I sigh. It's out of my hands now, I think. Even if I survive and become famous and rich and respected, what am I supposed to do? All eyes will be on me. Well, Wrianin Abro and me. But I won't be able to organize any rebellions any time soon. Heck, I won't be able to fart at the dinner table without some tabloid making a huge deal about my table manners. Can you believe it? They really do make a fuss about stuff like that. They have time to gossip and be frivolous. Time and money. Two things that you can never have at the same time in the Districts, or at least in 10. You either work all day to support yourself, or go hungry for an extra hour with your family. But these people have everything they want. I don't understand it. Really, why can't we just spread that wealth around? If I win, I will. No child in District 10 will go hungry as long as I've got money in my pocket.
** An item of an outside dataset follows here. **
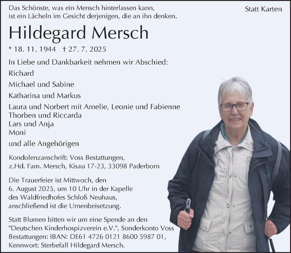 Hier finden Sie alle Traueranzeigen aus der Zeitung, die bisher für Hildegard Mersch erschienen sind. Weitere Traueranzeigen, die in der Zeitung erscheinen, werden hier ebenfalls aufgelistet
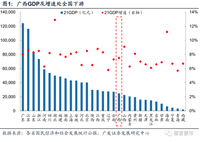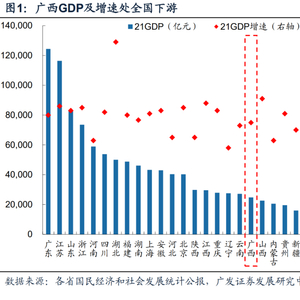 广西壮族自治区(以下简称“广西”)经济实力处全国中下游水平。2021年GDP为24741亿元,排全国第19位;GDP增速为7.5%,排全国第17位;人均GDP为49206元/人,仅高于黑龙江和甘肃,排全国第29位。

But that's an "if". There's still that number. Fifteen. Fourteen of which have to die. My head swims. I'm not so good with numbers. But then again, you already know that. You heard only too many fights between mom and me about my math grades. But it's really okay. My biology was pretty good, and I probably could still have gotten a job as a vet. But now I won't. One way or the other.
Could you imagine what it would be like to be so rich, Qwinne? Grewwen would pay attention to you then, I'm sure. But we'd just turn our noses up at him, because he's never deserved you. Or any other poor girl in District 10. And yes, I know he's "soooooooo handsome", but beyond that, what value does he have as a person, as a husband? Not much as far as I can see. I'm sure you'll get over him. It's just sort of a question of outgrowing little crushes. Though I'm sure you'd object to the term "little crush". But that's really all it is. All most kids our age are capable of. We're just not mature enough to really have that level of commitment, really.
Maturity is one thing the Hunger Games will give you. When you always have to fight for your life at the expense of others, it's a little hard to retain that wide-eyed innocence. And there's really no point in trying. Maybe it'd be fun to pretend, like a little vacation, but it won't solve anything.
Try to find some solutions back home. For you, for mom, for getting over Grewwen. You can't run from problems, because they're faster than you are. You have to go out and fix them. Do it for me.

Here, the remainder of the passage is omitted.